Further details will be announced in a press conference on Tuesday, the union said. A spokesman for Deutsche Bahn also confirmed that an agreement had been reached.

Train drivers have walked out six times since November, causing disruption for huge numbers of passengers.

The strikes have often lasted for several days and have also caused disruption to freight traffic, with the most recent walkout in mid-March.

In late January, rail traffic was paralysed for five days on the national network in one of the longest strikes in Deutsche Bahn’s history.

READ ALSO: Why are German train drivers launching more strike action?

Europe’s largest economy has faced industrial action for months as workers and management across multiple sectors wrestle over terms amid high inflation and weak business activity.

The strikes have exacerbated an already gloomy economic picture, with the German economy shrinking 0.3 percent across the whole of last year.

What we know about the new offer so far

Through the new agreement, there will be optional reduction of a work week to 36 hours at the start of 2027, 35.5 hours from 2028 and then 35 hours from 2029. For the last three stages, employees must notify their employer themselves if they wish to take advantage of the reduction steps.

However, they can also opt to work the same or more hours – up to 40 hours per week are possible in under the new “optional model”.

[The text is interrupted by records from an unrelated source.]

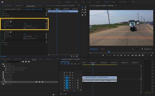 영상 편집에 앞서 보정할 영상 클립을 프리미어 프로로 불러와 주세요. 먼저, 좌측 하단의 [효과]툴을 선택합니다. 이후, 흔들림 보정을 적용할 장면을 타임라인에서 선택한 후 [비디오 효과] > [비틀기 안정기]를 더블 클릭하여 효과를 적용해 주세요. [비틀기 안정기]를 더블 클릭하면 [안정화 중]이라는 문구가 뜨고 이후 효과가 장면에 적용됩니다.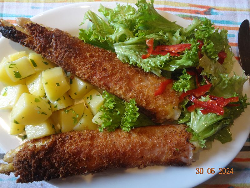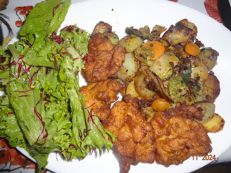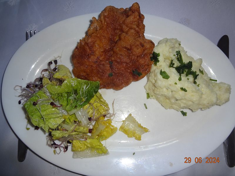 | | Fritierte, filetierte Schälrippchen, Mischgemüse mit Sekt-Rahm-Soße, gebutterte Pet.-Kart., Eichblattsalat mit China-Rose-Sprossen |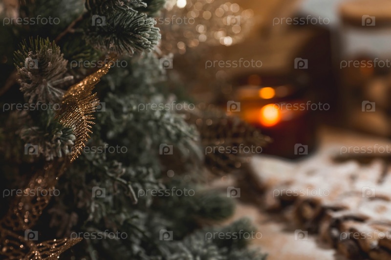Мягкий фокус. Новогодний стол. Угощения для гостей. Торт из слоеного теста с шоколадом в виде елки на деревянном фоне. Концепция приготовления пищи на праздник
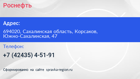 Роснефть по адресу 694020, Сахалинская область, Корсаков, Южно-Сахалинская, 47 в дальнейшем Организация, размещена в следующих категориях: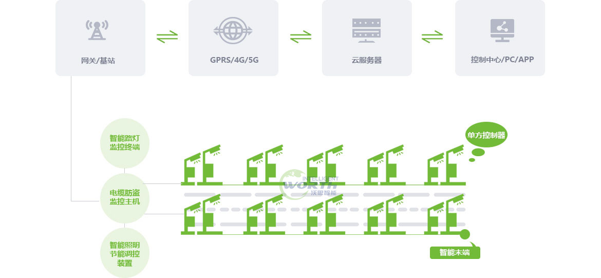 改造方案采用基于物聯(lián)網(wǎng)和 AI 技術(shù)的智能照明控制系統(tǒng),通過安裝智能路燈集中控制器和單燈控制器,實(shí)現(xiàn)了對路燈的遠(yuǎn)程監(jiān)控和管理。系統(tǒng)支持遠(yuǎn)程開關(guān)、亮度調(diào)節(jié)、定時控制、場景控制等功能,同時具備故障報警、能耗分析、預(yù)測性維護(hù)等高級功能。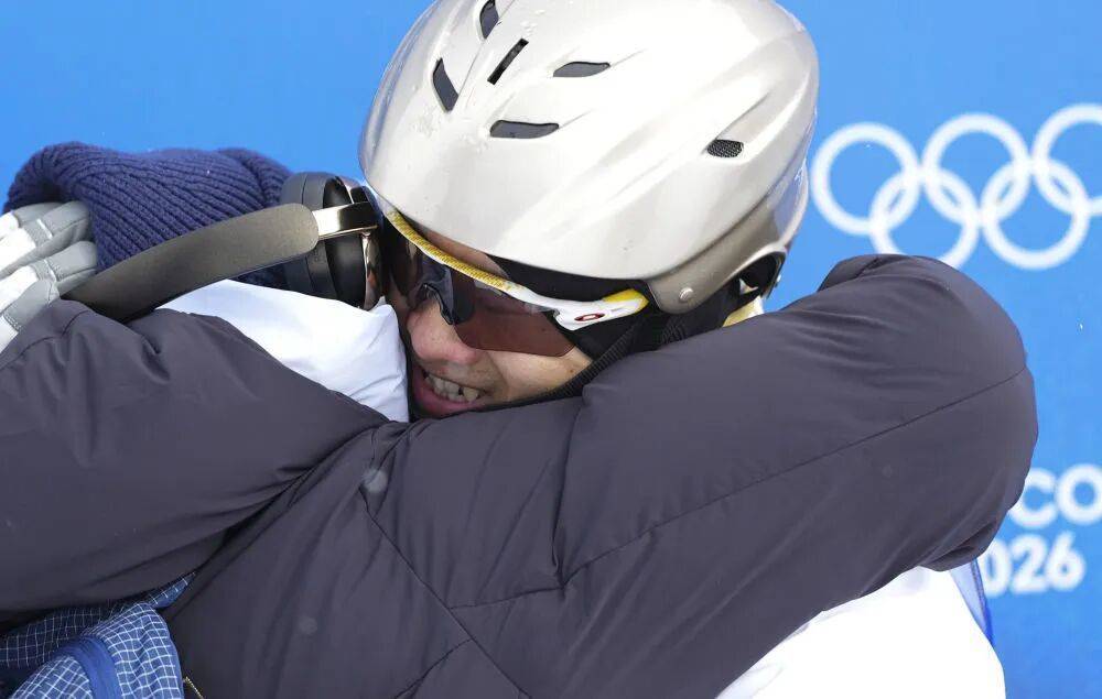 2月20日,王心迪(右)和妻子徐梦桃在比赛中拥抱。图据新华社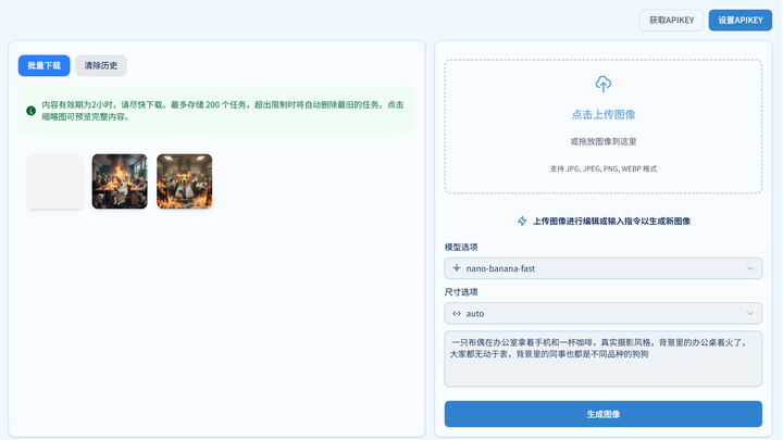这意味着,你可以不间断地“刷”出大量图片,无论是为了一周的社交媒体配图,还是测试不同视觉风格,都能批量生成下载内容提高工作效率。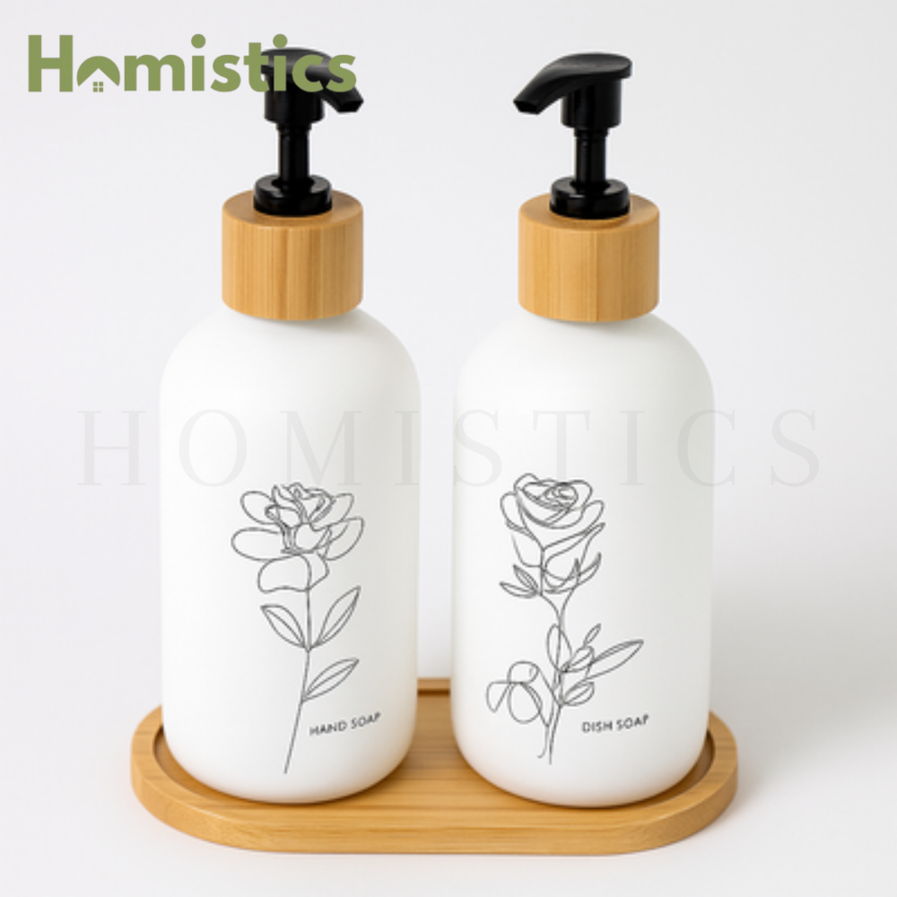 Frosted Glass Soap Dispenser Set with Bamboo Tray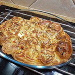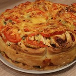 Эта пицца приготовлена не совсем традиционным способом. Начинка для нее закручивается в рулет из теста, нарезается на кусочки и выкладывается в форму в виде розочек и выпекается. Получается очень вкусный и сочный пирог-пицца.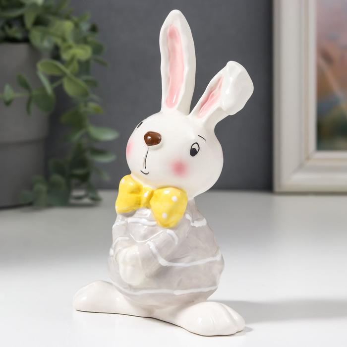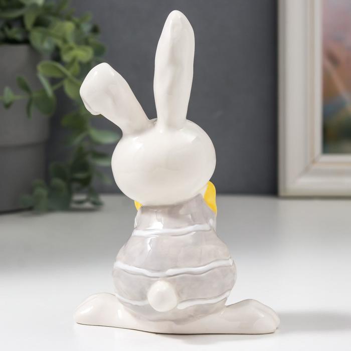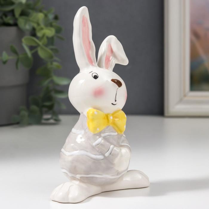 Сувенир керамика "Стеснительный зайчик в серой кофточке, с жёлтым бантом" 14,3х6,6х9,8 см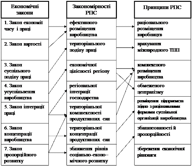 РПС і формування економіки регіонів здійснюється під впливом об’єктивних законів і закономірностей.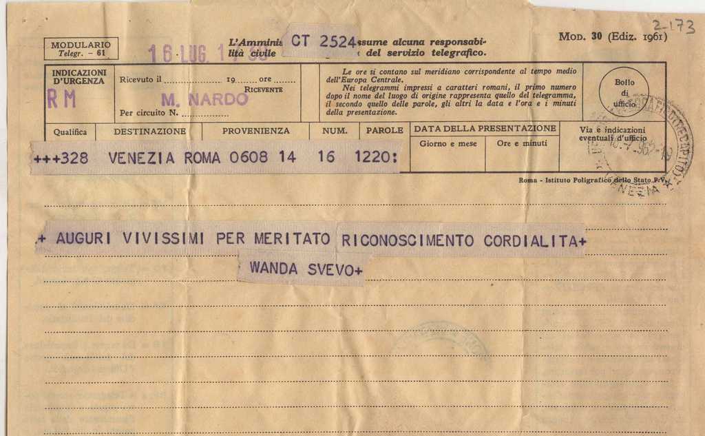 Τηλεγράφημα, έντυπο, στα ιταλικά, χαρτί, δύο όψεις, 15,5×20 εκ. Δίνονται συγχαρητήρια στην Ι.Σπητέρη για την κατάκτηση βραβείου στον διαγωνισμό “III Premio Biennale Internazionale di Scultura-Città di Carrara”.
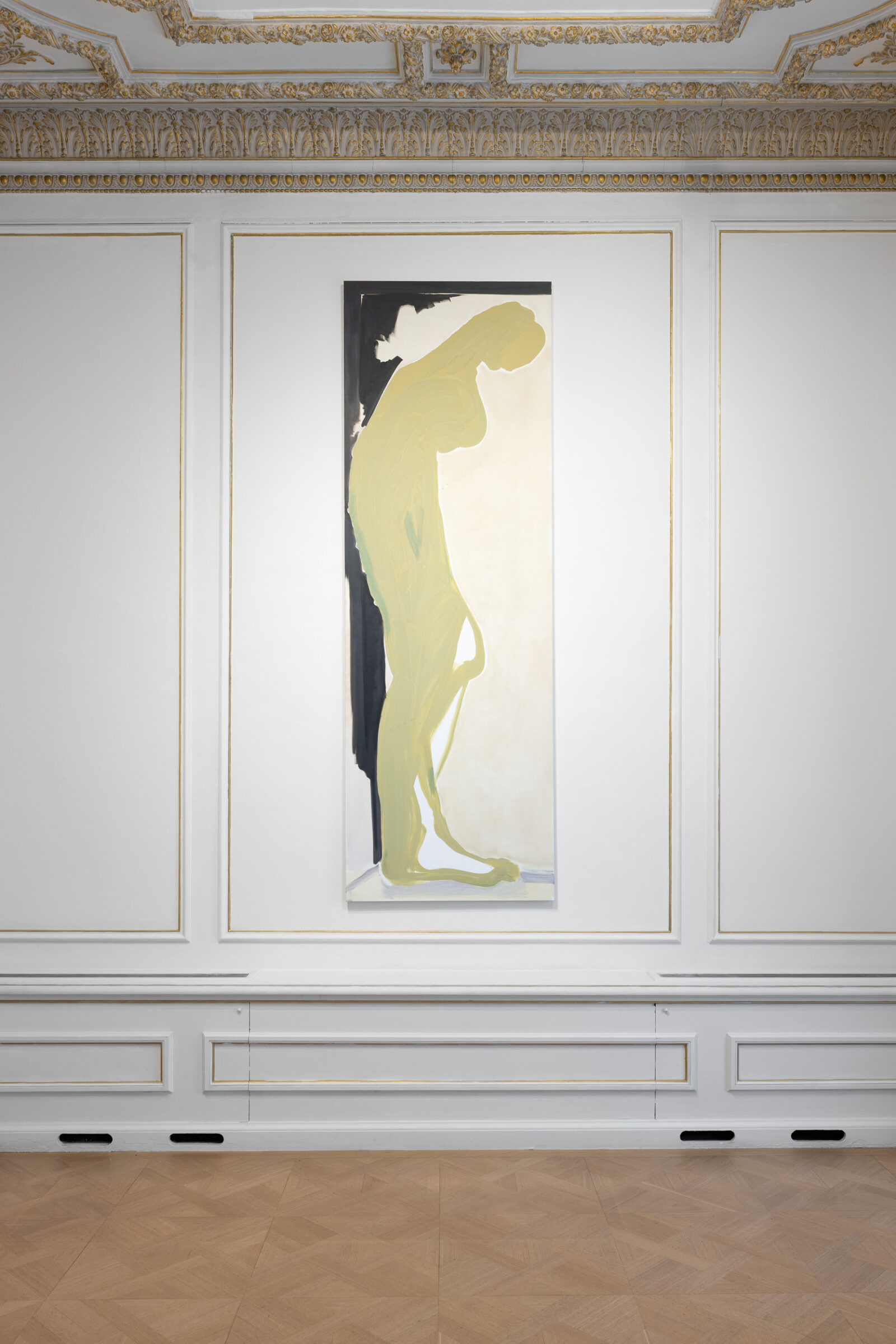 A painting featuring a large green figure stands in profile, slightly hunched and rounded at the back, enveloped by a patchy black and off-white color background.

“One thing is clear: if you work more, you get more money,” said Deutsche Bahn spokesperson Martin Seiler. Accordingly, employees will receive 2.7 percent more pay for each additional or unchanged working hour.

According to Deutsche Bahn, other parts of the agreement included a pay increase of 420 per month in two stages, a tax and duty-free inflation adjustment bonus of 2,850 and a term of 26 months.

Growing pressure

Last year’s walkouts cost Deutsche Bahn some 200 million, according to estimates by the operator, which overall recorded a net loss for 2023 of 2.35 billion.

Germany has historically been among the countries in Europe where workers went on strike the least.

But since the end of 2022, the country has seen growing labour unrest, while real wages have fallen by four percent since the start of the war in Ukraine.

German airline Lufthansa is also locked in wage disputes with ground staff and cabin crew.

Several strikes have severely disrupted the group’s business in recent weeks and will weigh on first-quarter results, according to the group’s management.

Airport security staff have also staged several walkouts since January.

Some politicians have called for Germany to put in place rules to restrict critical infrastructure like rail transport from industrial action.

But Chancellor Olaf Scholz has rejected the calls, arguing that “the right to strike is written in the constitution… and that is a democratic right for which unions and workers have fought”.

The strikes have piled growing pressure on the coalition government between Scholz’s Social Democrats, the Greens and the pro-business FDP, which has scored dismally in recent opinion polls.

The far-right AfD has been enjoying a boost in popularity amid the unrest with elections in three key former East German states due to take place later this year.